A curious tale of a stone pig, the OSS and a visit to Scottsville.
Illustration by Nearchos Ntaskas
“Look mama, a pig!” With eyes wide as silver dollars, the little girl tugged her mother’s sleeve and pointed at me.
My walking partner, Dawn West, said, “C’mon, let’s get going before you cause a scene.”
An impossible request. Everyone on Scottsville’s Valley Street seemed transfixed by what I was carrying. Even a police cruiser had slowed to check it out. Peeking from the top flap of my rucksack was a 40-pound, concrete pig dressed like Santa Claus. His name was Pork Chop.
An explanation is probably in order. Dawn and I were on a quest to walk across Virginia and partake in every adventure that crossed our path. If none arose, we created one. So earlier that day, when we stopped in at Pee Wee’s Pit Barbecue for lunch and saw pig memorabilia on every wall and shelf of the restaurant, an idea came to mind. “Would it be all right,” I asked the proprieter Suzette, “if I brought your mascot with me for the day and posed it for pictures as if it were on vacation?” “Sure,” she said, “but if you’re looking for adventure, you should talk to Dr. Margaret Emanuelson. She was a spy in the OSS [Office of Strategic Services] during World War II and now she lives right here in town.” She was also an author, and three of her novel—Company of Spies, Web of Spies, and New Moon Rising—sat in the front counter’s display case.
I was agog. “Could you introduce us?” Suzette smiled and picked up the phone. “Let me check if she’s in.”
Emanuelson lived just a few blocks away on West Main Street in a two-story, brick saltbox with jutting eaves and a grand, columned entryway. Dropping my pig-laden rucksack on the porch (the novelty of it having worn off by that point), I rang the bell. The dark-haired Emanuelson greeted us, a cloud of Chanel No. 5 wafting around us as we shook her hand.
“Please,” she said, “come inside.” We followed her past Oriental fan-shaped screens, shelves lined with Geisha plates, and spears clustered behind a 5-foot tall tribal shield. After ushering us into a sitting room whose floor was covered with a giant Persian rug, Emanuelson, then 86 (sadly, she would pass away several years later), lowered herself onto a camel back couch. Dawn and I sat in wingback chairs with soft centers. I sank into mine like quicksand. “How about some cookies?” she offered.
I thanked her, but declined. We had just eaten. Then I asked her about her experiences from WWII—4,500 women had worked for the OSS during the war. But very few of them were still alive. “I had to go through a series of tests to get in the OSS, situational tests,” Emanuelson said. Intelligence, she explained, is all about solving problems: “It’s asking, ‘What do I need to know?’ I wound up in the research and analysis department.”

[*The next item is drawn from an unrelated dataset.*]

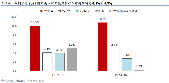 综合考虑关税收入以及众议院美丽大法案执行节奏后置的影响,预计2026财年美国财政赤字规模可能扩大至2.2万亿美元,赤字率上升至7%,明显高于预期。考虑参议院修改后,美丽大法案中的减税和扩大开支等措施在2026财年更全面落地,预计2026财年美国财政收入和支出增速分别为0.3%、5%,财政赤字规模为2.2万亿美元,赤字率为7%,超过彭博一致预期的6.7%。同时,如果美债利率持续上升,不排除利息支出超出预期。

I was finding it hard to talk with my thighs pressed into my chest, so I wriggled out of my seat’s sucking mouth and perched on its solid lip. “So, what did you do in R&A?” She said she had taken information coming in from planes and analyzed it. “I can’t say much more than that.”
“Ah,” I said. “Secret spy stuff.” She smiled.
Dawn pointed at a framed photo and asked where it was taken. Emanuelson squinted for a moment before giving up. “My eyes,” she said, “macular degeneration.”
We chatted a while longer about her and her late engineer husband’s long, fruitful lives—her time in the OSS and his as a Navy pilot; the clinical psychology practice she worked at for 40 years. At one point, she leaned over and took my hand. “Are you sure you wouldn’t like some cookies?” I realized that perhaps my earlier refusal was rude, so I said, “We’d love some.”
She led us into a kitchen whose window looked out on a colossal tree, opened a cupboard and removed two bags of Pepperidge Farm Milano cookies, handing one to each of us. “Thank you,” I said. “These will be great on the road.”
We then returned Pork Chop to his rightful place on the stoop of Pee Wee’s Pit Barbecue and continued our journey. As Scottsville fell into the distance, I said to Dawn, “Who would have thought we’d meet such a worldly and elegant woman in such a small, rural town?” As we walked, our imaginations piqued, we chatted about all the ways spies killed each other in the movies—with lasers, with blow darts, with knives hidden in their boots. Then Dawn said, “What method do you think Margaret would have used?”
“Hmm, let me think a minute.”
My stomach had started rumbling, so I tore open a bag of the Milanos while mulling the question. We each bit into a cookie. The flavor seemed odd. I opened the second bag and tried again. “Ew, what does yours taste like?” Dawn spat hers out and used a napkin to wipe her tongue. “Mine has fuzz on it!” I shined a light on the bag and read the date printed at the bottom. “Oh my God!” I said. “These expired over two years ago!”
We both howled with laughter. I thought of how pleased Emanuelson had been to give us these cookies and then remembered her poor eyesight. She never could have read the fine print. Or could she?
“Well,” I said, “there’s your answer. She would have used food poisoning.”